▶ [RECORDS SUPPLIED]

- - - -

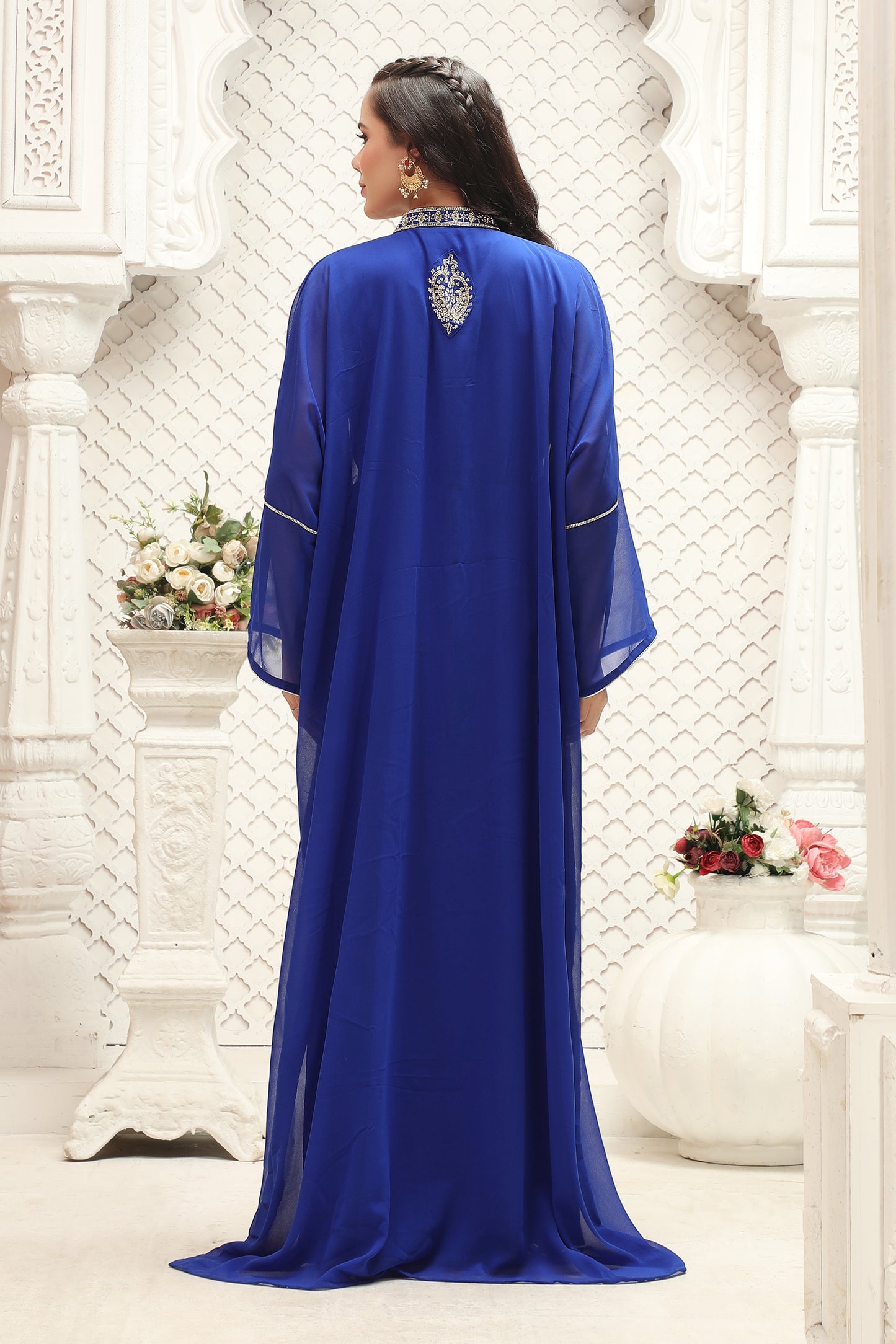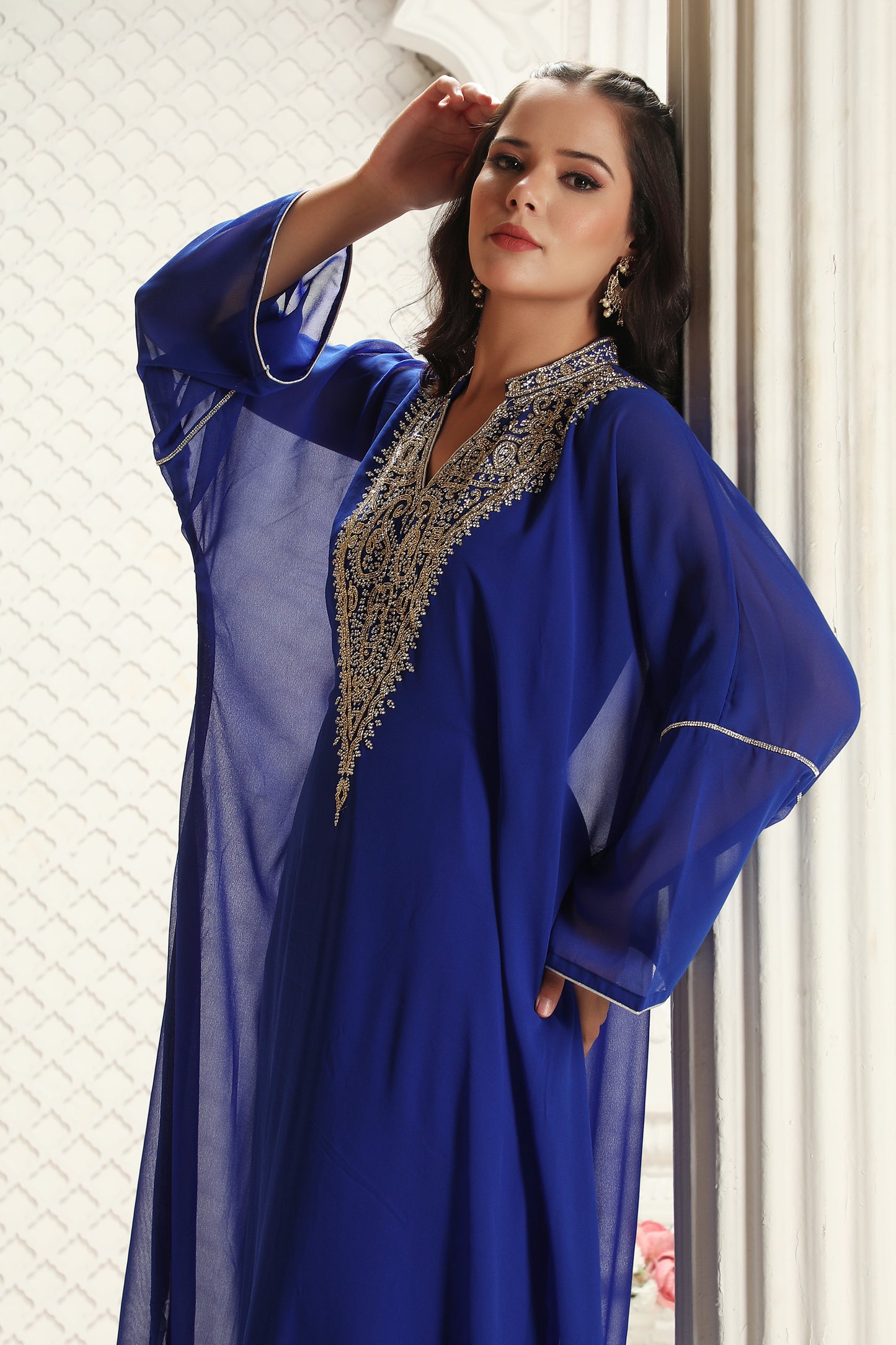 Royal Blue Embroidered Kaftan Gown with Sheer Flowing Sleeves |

- - - -

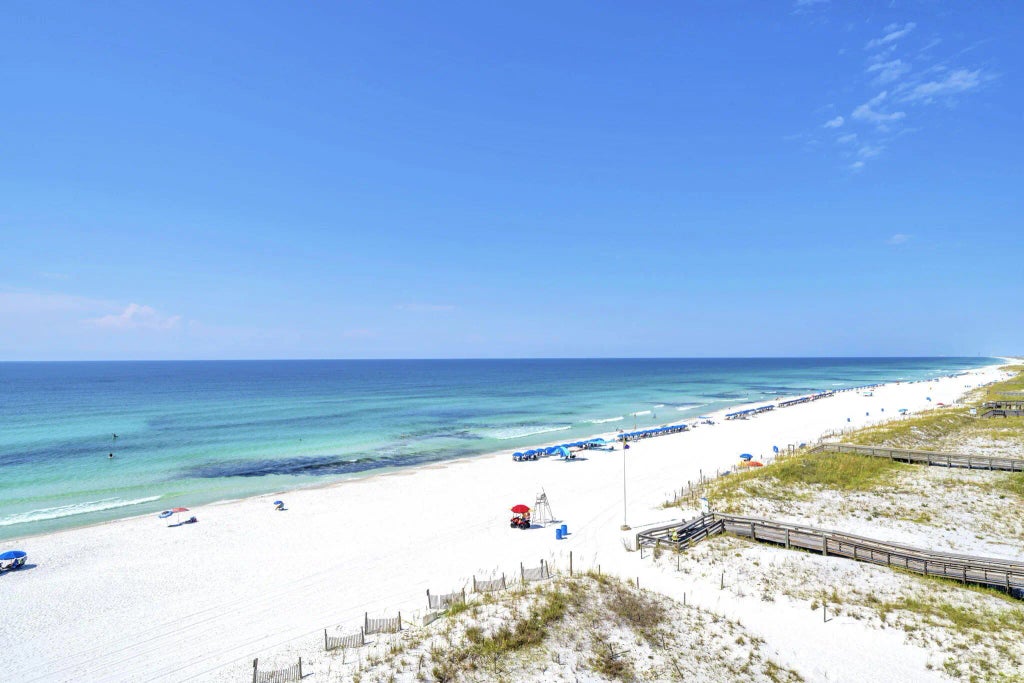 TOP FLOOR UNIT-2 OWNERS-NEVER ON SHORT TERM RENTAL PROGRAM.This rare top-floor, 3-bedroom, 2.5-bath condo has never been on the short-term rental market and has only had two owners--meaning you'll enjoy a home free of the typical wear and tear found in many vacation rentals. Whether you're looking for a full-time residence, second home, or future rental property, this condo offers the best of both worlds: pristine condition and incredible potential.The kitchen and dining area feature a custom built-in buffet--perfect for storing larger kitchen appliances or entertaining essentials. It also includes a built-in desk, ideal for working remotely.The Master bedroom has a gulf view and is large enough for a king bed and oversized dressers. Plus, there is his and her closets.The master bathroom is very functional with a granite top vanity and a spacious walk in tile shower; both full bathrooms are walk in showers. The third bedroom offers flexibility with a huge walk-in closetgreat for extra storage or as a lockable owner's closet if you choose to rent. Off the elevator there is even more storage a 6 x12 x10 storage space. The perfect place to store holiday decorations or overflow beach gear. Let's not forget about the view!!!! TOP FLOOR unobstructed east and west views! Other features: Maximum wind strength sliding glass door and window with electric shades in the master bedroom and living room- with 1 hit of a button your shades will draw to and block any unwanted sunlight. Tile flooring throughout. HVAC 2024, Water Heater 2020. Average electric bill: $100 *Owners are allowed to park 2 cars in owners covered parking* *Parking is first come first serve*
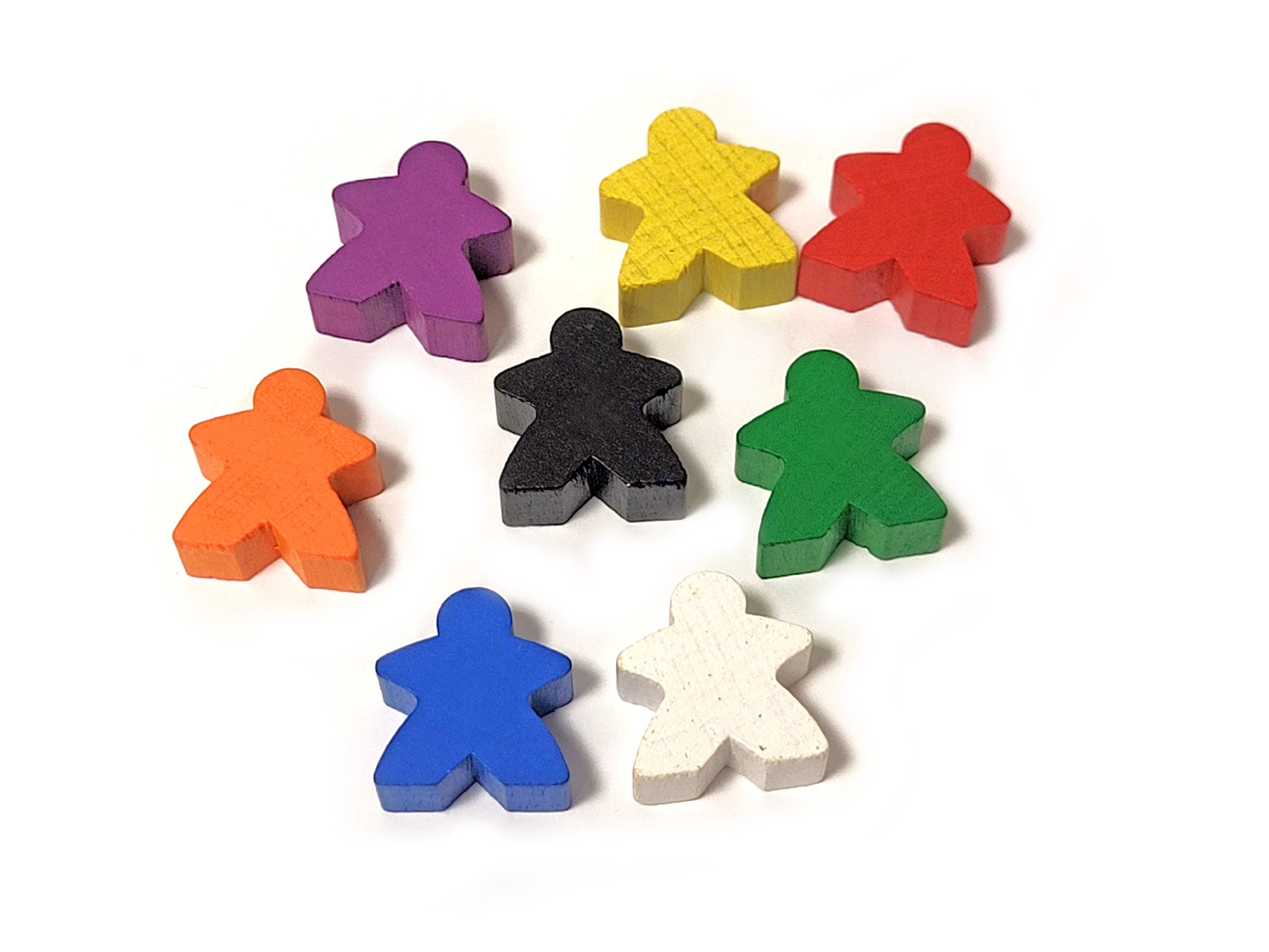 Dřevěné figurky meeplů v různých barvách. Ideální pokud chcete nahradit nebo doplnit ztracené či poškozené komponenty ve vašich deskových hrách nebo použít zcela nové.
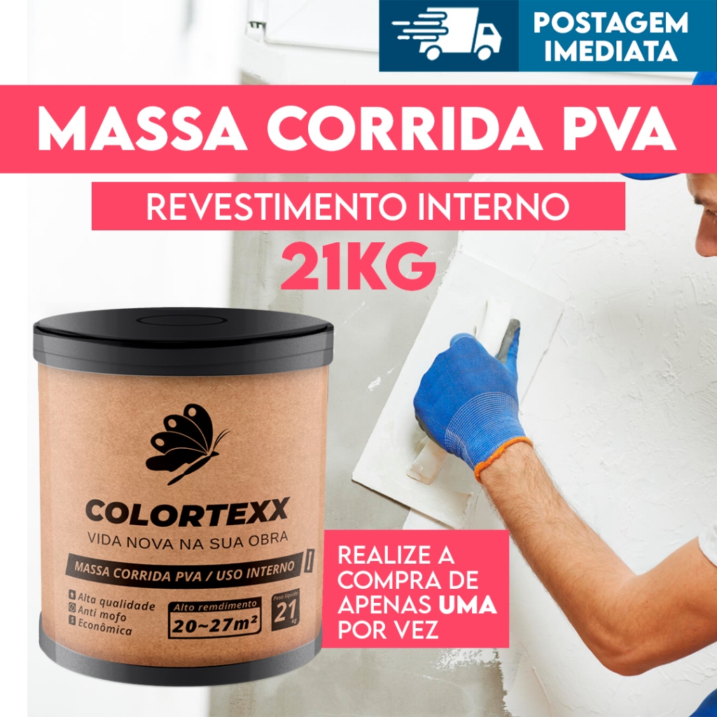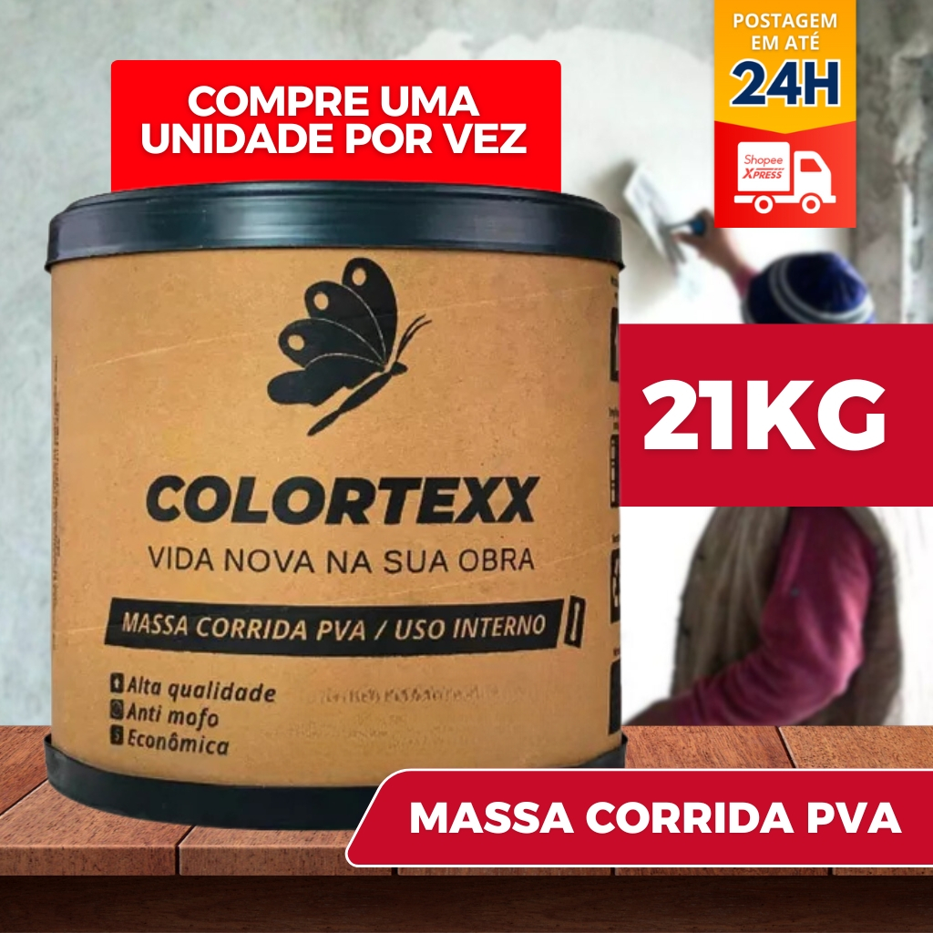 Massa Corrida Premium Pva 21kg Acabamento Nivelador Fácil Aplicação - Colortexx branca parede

- - - -

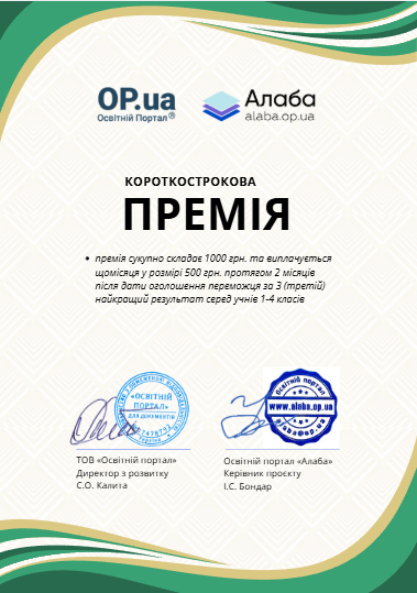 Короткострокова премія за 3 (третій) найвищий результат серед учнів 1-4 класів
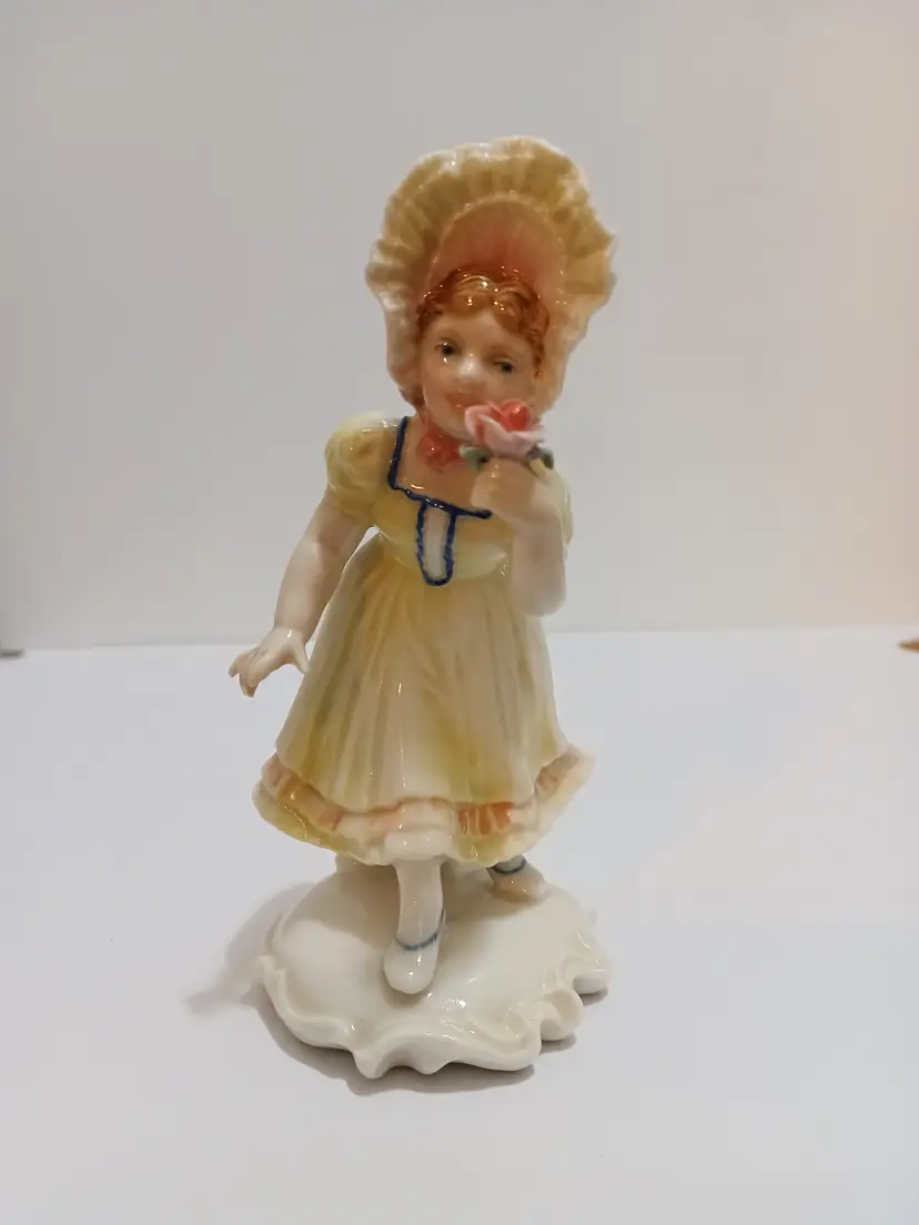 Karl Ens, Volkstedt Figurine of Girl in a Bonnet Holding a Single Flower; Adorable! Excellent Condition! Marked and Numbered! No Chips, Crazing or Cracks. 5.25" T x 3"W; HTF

- - - -

▶ [YOUR GOAL]
From the entries above, copy exactly the lines starting at the one with "Dřevěné figurky meeplů" and stopping at the one with "Massa Corrida Premium", keeping both ends. Drop the pictures.

▶ [THE COMPLETED TASK]
 Dřevěné figurky meeplů v různých barvách. Ideální pokud chcete nahradit nebo doplnit ztracené či poškozené komponenty ve vašich deskových hrách nebo použít zcela nové.
 Massa Corrida Premium Pva 21kg Acabamento Nivelador Fácil Aplicação - Colortexx branca parede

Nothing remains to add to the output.